Legacy ↔ NGE Integration Map

Overview

This document maps every integration point between the Legacy platform (Rails monolith, shared_libs, workers) and the NGE modules (documentloader, documentextractor, documentuploader, documentexporter, documentexchanger, documentpageservice, unzipservice).

The Legacy Rails app serves as the orchestration layer — it initiates NGE processing, tracks events, and presents results to users.
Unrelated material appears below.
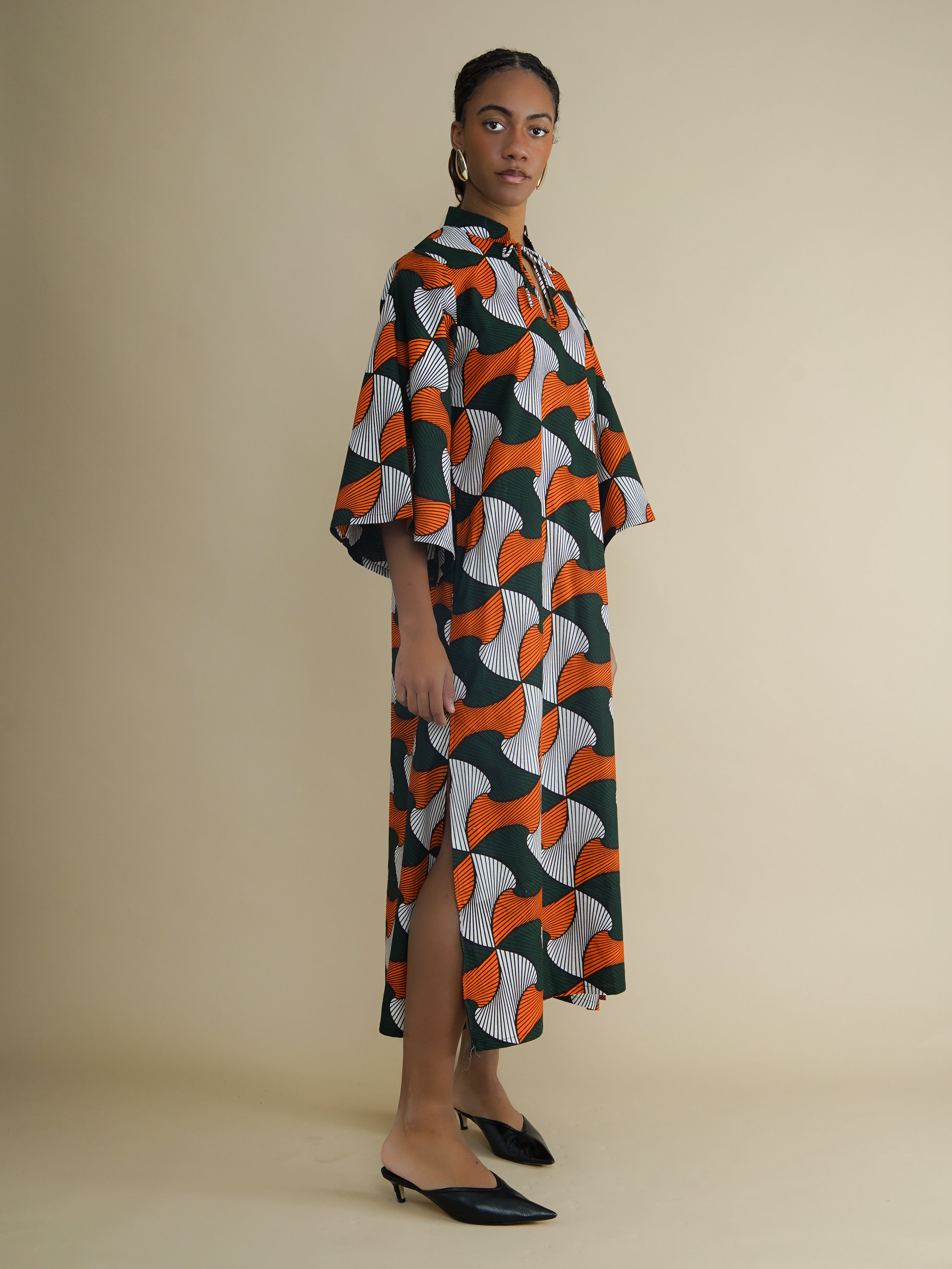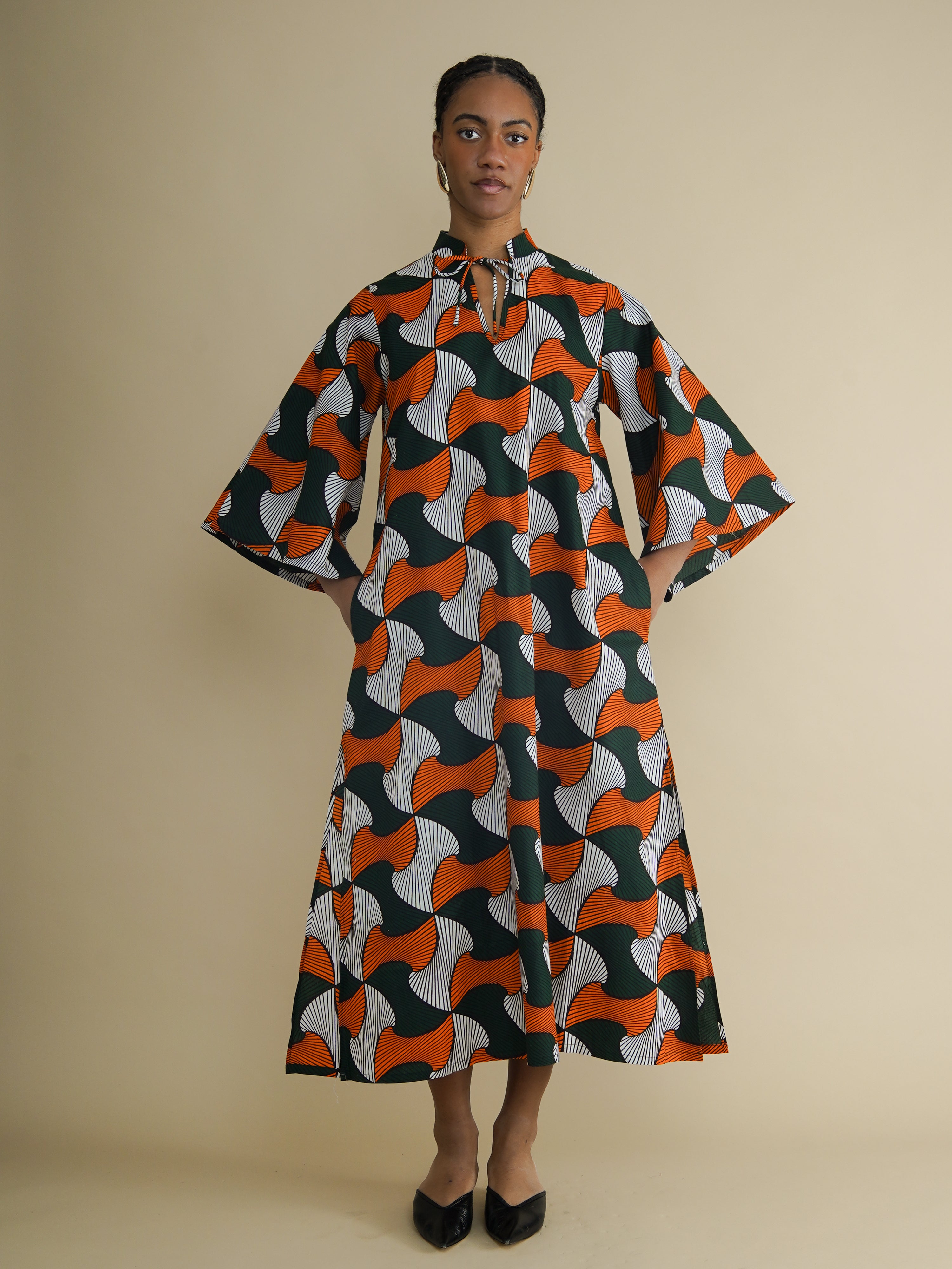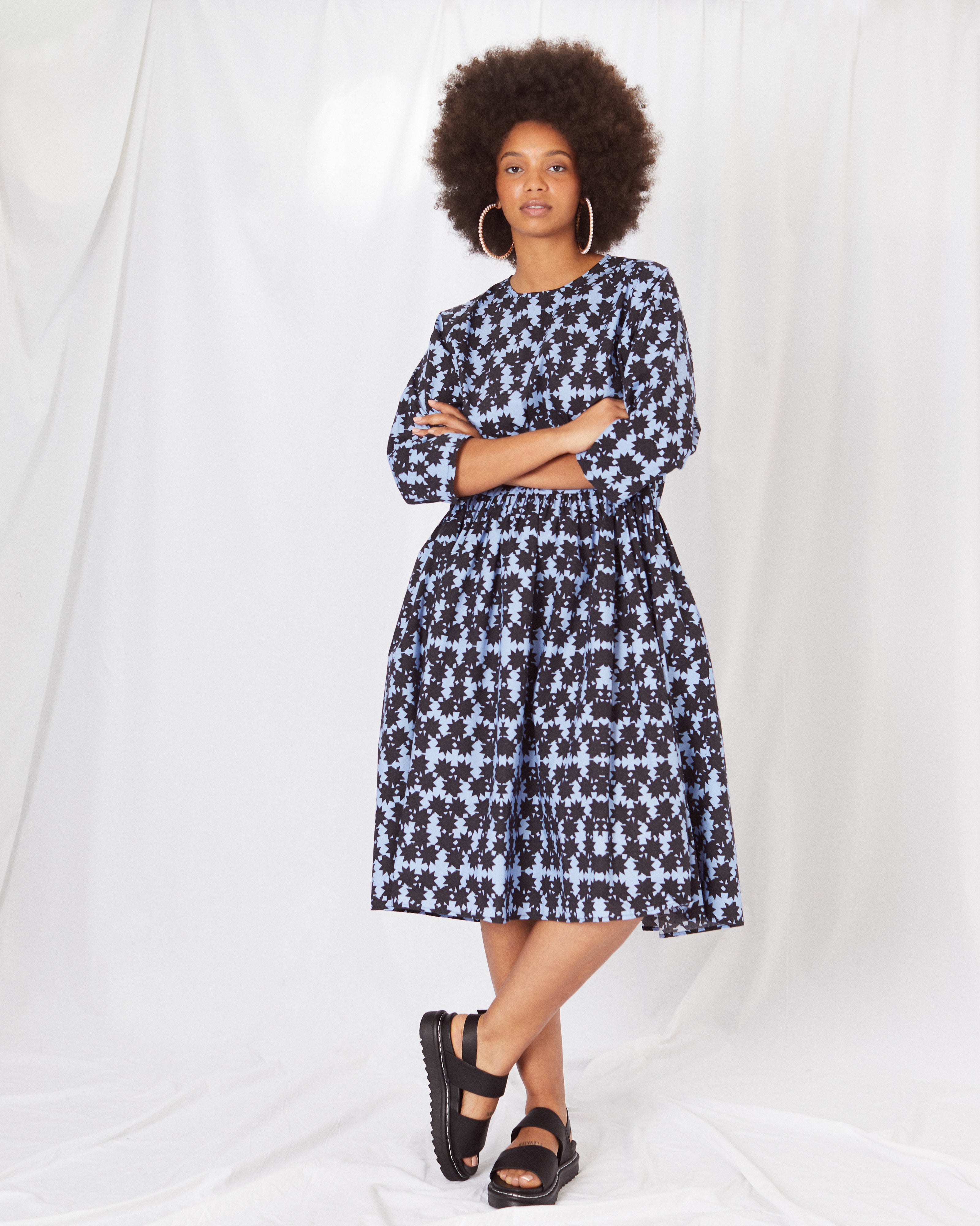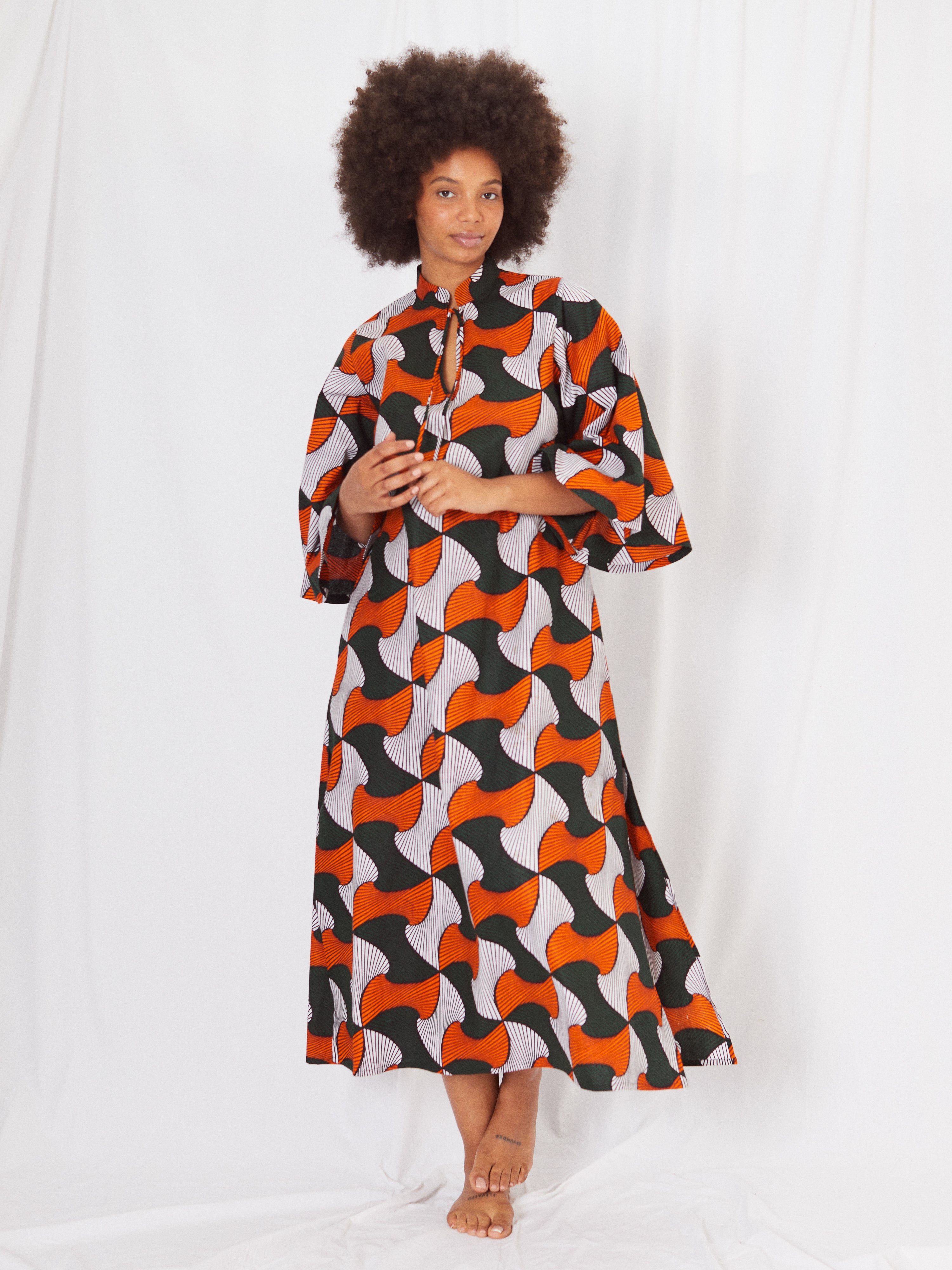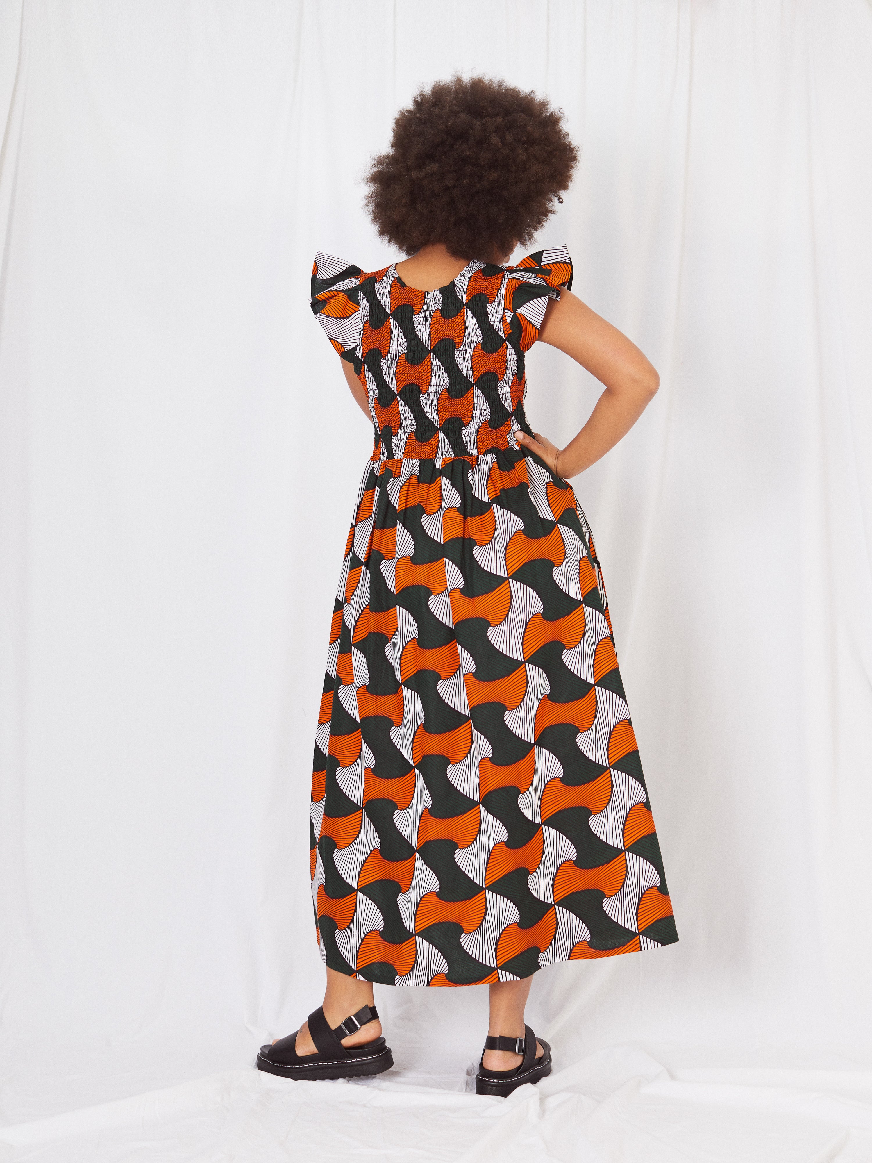 Yemi Full Gathered Midi Skirt – Structured Dutch Wax Cotton

NGE modules are headless processing engines that read/write to shared state (MySQL, S3, Athena).

Integration Architecture

┌─────────────────────────────────────────────────────────────────┐
│                     LEGACY RAILS MONOLITH                       │
│                                                                 │
│  ┌──────────┐  ┌──────────────┐  ┌────────────────────────┐   │
│  │ Web UI   │  │ Sidekiq Jobs │  │ ApplicationController  │   │
│  │ (React/  │  │              │  │ (HMAC-SHA1 API)        │   │
│  │  ERB)    │  │ NgeCaseTrack │  │                        │   │
│  └────┬─────┘  │ NgeExport    │  └───────────┬────────────┘   │
│       │        │ BatchCompletn│              │                 │
│       │        └──────┬───────┘              │                 │
│       │               │                      │                 │
│  ┌────┴───────────────┴──────────────────────┴────────────┐   │
│  │              Per-Case MySQL Database                     │   │
│  │    exhibits │ attachments │ batches │ batch_proc_events  │   │
│  └─────────────────────┬───────────────────────────────────┘   │
│                         │                                       │
│  ┌──────────────────────┴──────────────────────────────────┐   │
│  │                    S3 Bucket                              │   │
│  │   /case_{id}/attachment/{uid}/{file}                      │   │
│  │   /case_{id}/export/{uid}/{file}                          │   │
│  └──────────────────────┬──────────────────────────────────┘   │
└─────────────────────────┼───────────────────────────────────────┘
         ┌────────────────┼────────────────┐
         │                │                │
         ▼                ▼                ▼
┌─────────────┐  ┌──────────────┐  ┌──────────────┐
│ documentloader│  │documentextrct│  │documentupldr │
│ (Lambda/SQS) │  │(ECS/DynamoDB)│  │(ECS/Nutrient)│
└──────┬──────┘  └──────┬───────┘  └──────┬───────┘
       │                │                  │
       └────────────────┴──────────────────┘
              ┌──────────────────┐
              │  Athena / Firehose│ ──→ NgeCaseTrackerJob
              │  (Event Stream)   │     (polls every N seconds)
              └──────────────────┘

Integration Points by Type

1. Shared Database (MySQL/Aurora)

Contract: Both Legacy and NGE read/write the same per-case MySQL databases.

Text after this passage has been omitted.